Plouay (/fr/; Ploue) is a commune in the Morbihan department in Brittany in north-western France.

Plouay hosts the GP Ouest-France and the GP de Plouay, annual cycling races (a men's and women's race, respectively). It was also the location of the UCI Road World Championships in 2000. The Tour de France has visited this town three times: in 1998, 2002 and in 2006.

==Population==
Inhabitants of Plouay or Ploue are called Plouaysiens in French and Plouead (Ploueiz), Ploueadez (-ed) in Breton.

==Geography==

Plouay is located in the west of Morbihan, 13 km northwest of Hennebont and 18.5 km north of Lorient. Historically, it belongs to Vannetais. The river Scorff forms the commune's western border. The area is hilly and forest-covered.
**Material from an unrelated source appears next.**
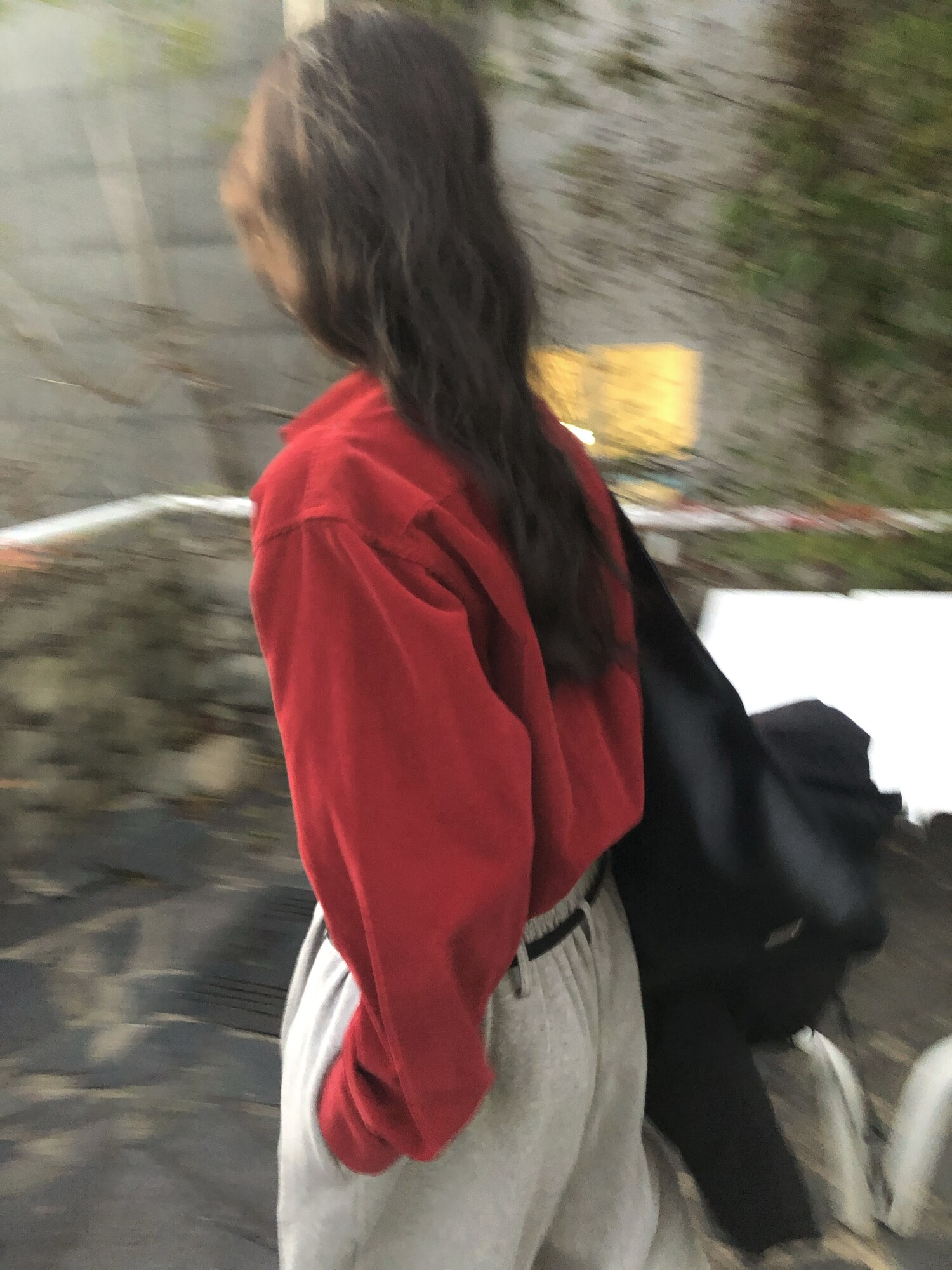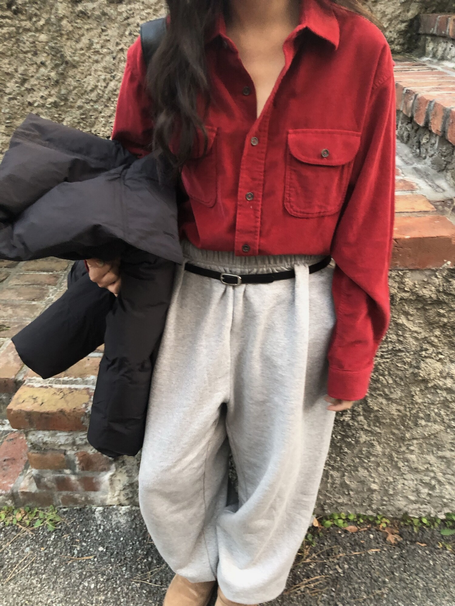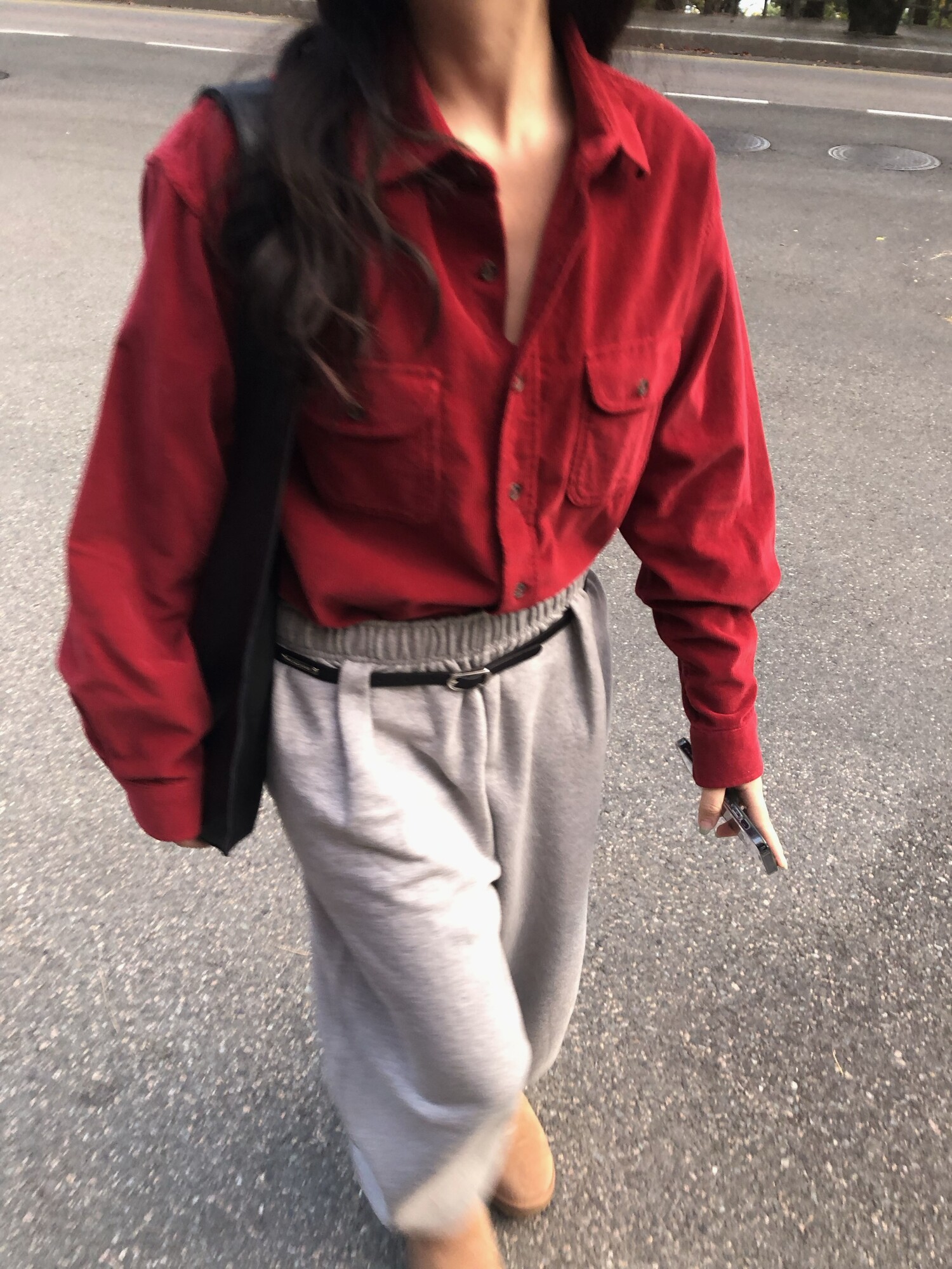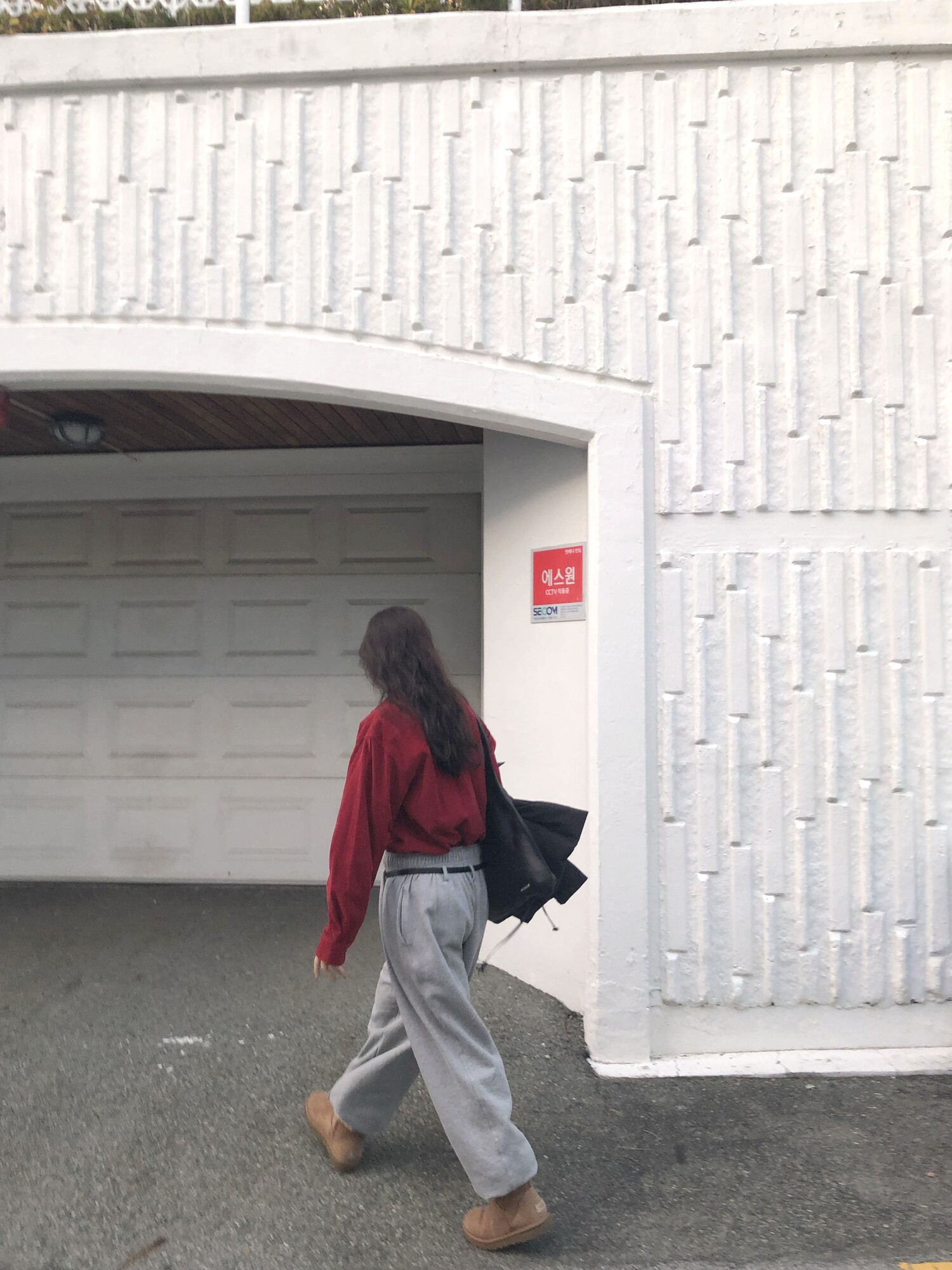 red 착용-촬영컷이 실제색상보다 밝게 나왔으며 살짝 톤 다운된 정석레드입니다.

Apart from the village centre, there are many hamlets in the commune.

==List of places==

| * Bécherel * Bois de Kerlucas * Château de Kersily * Château de Manéhouarn * Coet-Fao * Coët Neblech * Coëtulaire * Cunffio * Guern (le) * Gosquer (le) * Kerallé * Keramont * Kerbaloff Le Bourg * Kerbaloff Le Lage * Kerdalvé * Kerdinas * Kerdrého * Kerduel * Kergan * Kergarenne * Kergarnic | * Kergo * Kerguescanff * Kerguestenen * Kergussec * Kerharlay * Kerhoual * Kerhouant * Kerhoazic * Kerhuennec * Keriquel * Kerlagadec * Kerlidec * Kerlivio * Kerlucas * Kerlutune * Kermandu * Kermarrec * Kermignan * Kermorgan * Kermouël * Kernivinen | * Kernonen * Kerpont * Kerprat * Kerscoulan * Kerscoulic * Kerspern * Kervrehan * Haut Rostervel (le) * Lezot (le) * Lann Justice * Locmaria Grâce * Locunel * Malachappe * Manébail * Mané en Du * Mané Froment * Mané Guégan * Mané Henry * Manerio * Manetanet * Moulin à papier du Paou | * Moulin de Coet-Cren * Moulin de Kerviden * Moustervat * Moustoir (le) * Nezech (le) * Pen-er-prat * Penterff * Paou (le) * Pont-Allon * Pont-Neuf * Pont-Nivino * Questenen-Plaine * Restavy * Restergal * Rugonan * Saint-Coff * Saint-Erven * Saint-Inifer * Saint-Quidic * Stang Nivinen * Tano (le) | * Toul Er Clanch * Toulgodo * Trevenen * Ty Henry * Ty Losquet * Ty Marrec * Ty Narroz * Verger (le) * Vodeste (le) * Zandec |

==History==

The oldest surviving parish registers date back to 1576. The marquis of Pontcallec had in the seventeenth century in the village of Plouay court, prison, pillory and gallows with four pillars.

==Breton language==
The municipality launched a linguistic plan through Ya d'ar brezhoneg on 10 February 2006.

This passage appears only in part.